The first competitor to the CMS Face Off is finally complete! It took longer than expected but I'll put that down to personal motivation and having to make initial decisions. I knew I wanted at least two post types:
In the end I stuck with holidays that are consistently on the same date. I've got other things to do, you know.
So anyway, I started the CMS Face Off with WordPress. I've been working with it for years and in that time it's gone through some nice advancements. For example, when I started with wp it didn't have menus. You had to use the order page attribute. Back then wp was really only for blogs. I worked on a few sites where they'd have one cms for the site and then wp for the blog.
So anyway, here's a bit of a break down:
I don't understand why stupid people need to do stupid things and try and break the site I just made with WordPress. I think one of wp's biggest drawbacks is hackers and spam comments. Seriously, I don't get it.
Since I've been working with wp for so long, I've come to depend on a few plugins that are just about mandatory for reducing this garbage. Notice I said "reducing". Same way plugins keep getting made to fill security gaps, jerks dig for new security holes.
iThemes Security (formerly Better WP Security) - This plugin is amazing! It does everything from common sense protection (like suggesting you change the admin username to not "admin") to advanced scheduled database backups, monitoring changes to files, and blocking ip addresses that have too many login fails. I think I like changing the login url the most.
For this demo site I've also installed plugins to disable rss feeds and disable comments. While I'm ok announcing to the world "here, look at this wp site" I don't want to be flooded with emails about spam and blocked ips.
I use these plugins almost all the time.
Advanced Custom Fields - When WordPress was just for blogging, you only needed the title and content fields. Want to be fancy and have a specific excerpt instead of using the first 150 characters of the post? Here's a field for that.
There's always been a way to add custom fields but in early days (and I think still now) you had to manually type in the field name. Try explaining to clients that to give the post an external link they have to give a value to "news_external_link". Someone will eventually do it wrong.
The ACF plugin is a slick, drag and drop way to add fields to almost anything: posts, pages, categories, custom post types (see below). And there are many field types to choose from.
Contact Form 7 - Everyone wants a contact form. Collect info from users and mail it to someone. This is my go to. It includes field validation and submits via ajax.
Custom Post Type UI - Posts are good and generic but sometimes a site needs multiple entry types. In creating a custom theme you can add code to functions.php to create a custom post type but then I always feel like the client is tied to that theme. Activate a different theme and you don't even see the additional post types in the wp backend menu.
This plugin let's you create post types and specific taxonomy. Then go to town with ACF (above) to make the post type exactly how you want.
I haven't used Widget CSS Classes or WP User Avatar before but they were good for what I needed.
I only half thought through the events/holiday calendar before I started. Always a mistake. It was easy enough to use Custom Post Type UI plugin to make my Holiday post type and I knew I could just toss wp loop code in sidebar.php but I like to think of what the client may wnat in the future. Sure, right now the upcoming holidays is in the side bar but maybe in future it'll be moved to the footer. So I made a custom widget.
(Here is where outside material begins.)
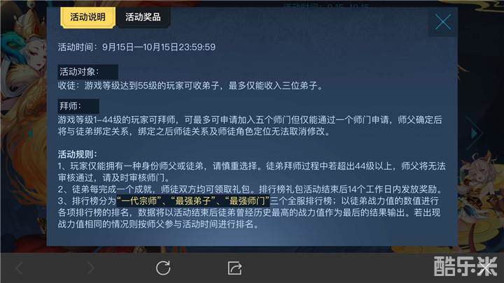 当徒弟战力达到20000,师父可以领取50金票,徒弟可以领取50金票、清缴令(蓝)2个;

Then I remembered I wanted a page with a full calendar.
Instead of trolling through hundreds of plugins to see what would do close enough to what I wanted I made my own plugin. The most difficult part was googling for php code to output the calendar (so, not difficult at all).
Actually, the *most* difficult part of the calendar was figuring out why I'd get the 404 page when I was trying to get to a calendar month that wasn't in the current year. Turns out one of the params I was using was a wp reserved term. So even though it was trying to load a page, the param ?year=2015 made wp try to load the page (by slug) that was published in 2015.
I like the end result. As usual I'm not 100% sure what all the wp code does (xmlrpc.php?) and I don't necessarily like the contact form code on pages without a form but it is what it is. WordPress is generally a good experience (when you're not taking over someone else's code) and I like dragging and dropping images as new media.